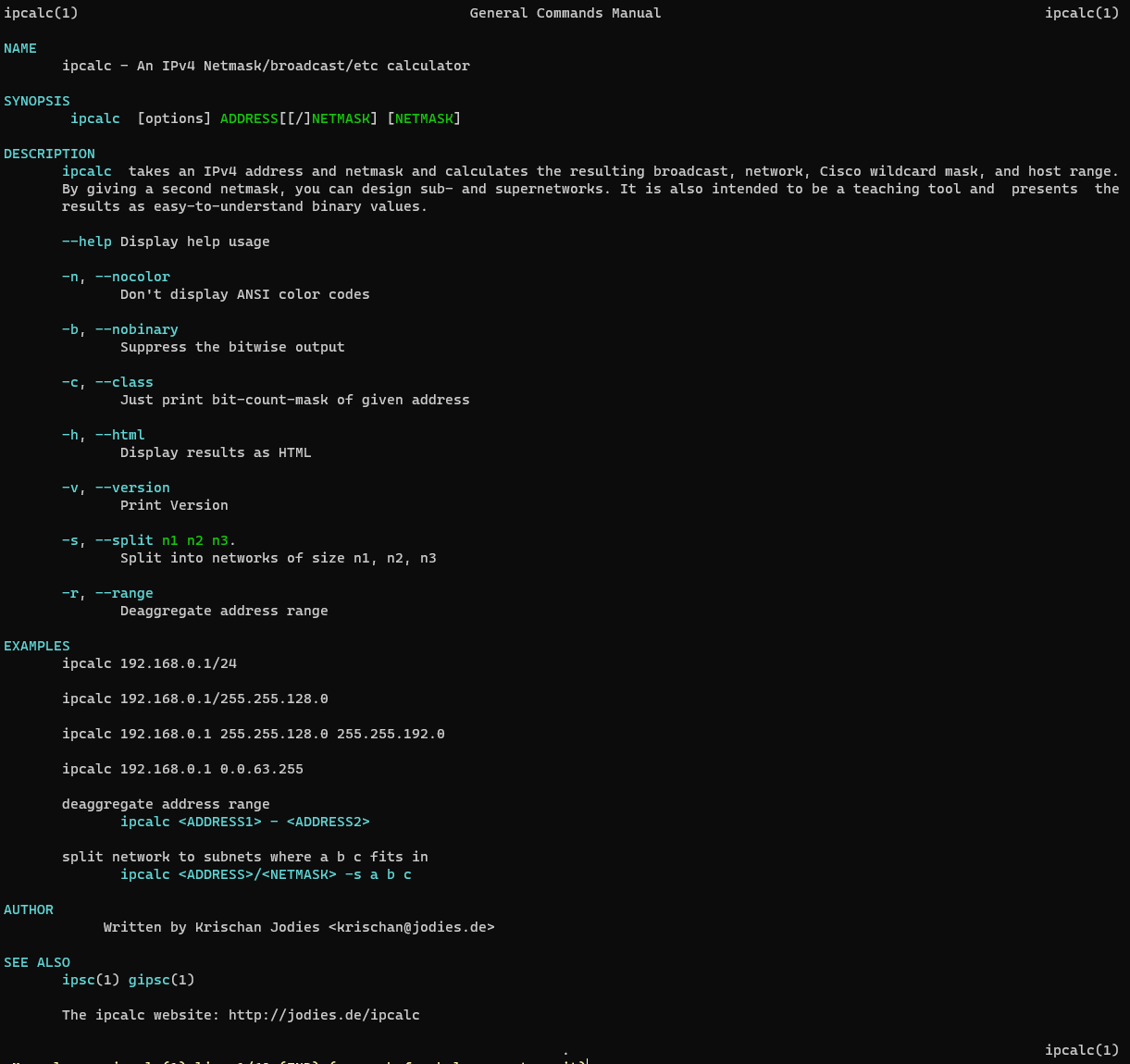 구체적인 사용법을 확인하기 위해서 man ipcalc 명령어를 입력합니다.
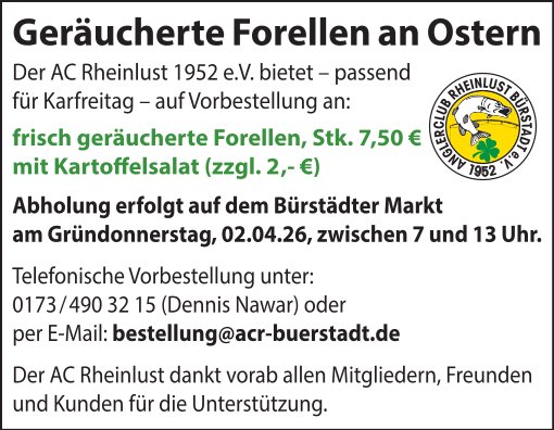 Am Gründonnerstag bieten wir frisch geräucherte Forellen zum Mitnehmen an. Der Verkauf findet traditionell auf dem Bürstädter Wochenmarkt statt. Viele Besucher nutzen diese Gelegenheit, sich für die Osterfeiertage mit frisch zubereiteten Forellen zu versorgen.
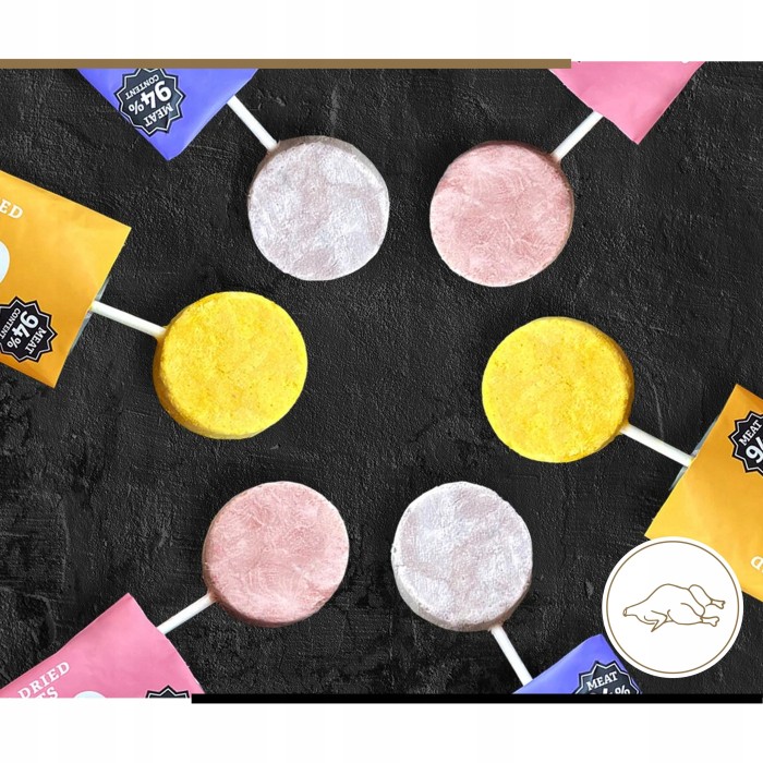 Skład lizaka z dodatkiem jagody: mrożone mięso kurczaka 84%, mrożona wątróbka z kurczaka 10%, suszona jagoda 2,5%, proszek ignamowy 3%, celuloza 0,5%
• • • • • • •
YOUR INSTRUCTIONS
Output the listing above in full, exactly. No images.

OUTPUT
 구체적인 사용법을 확인하기 위해서 man ipcalc 명령어를 입력합니다.
 Am Gründonnerstag bieten wir frisch geräucherte Forellen zum Mitnehmen an. Der Verkauf findet traditionell auf dem Bürstädter Wochenmarkt statt. Viele Besucher nutzen diese Gelegenheit, sich für die Osterfeiertage mit frisch zubereiteten Forellen zu versorgen.
 Skład lizaka z dodatkiem jagody: mrożone mięso kurczaka 84%, mrożona wątróbka z kurczaka 10%, suszona jagoda 2,5%, proszek ignamowy 3%, celuloza 0,5%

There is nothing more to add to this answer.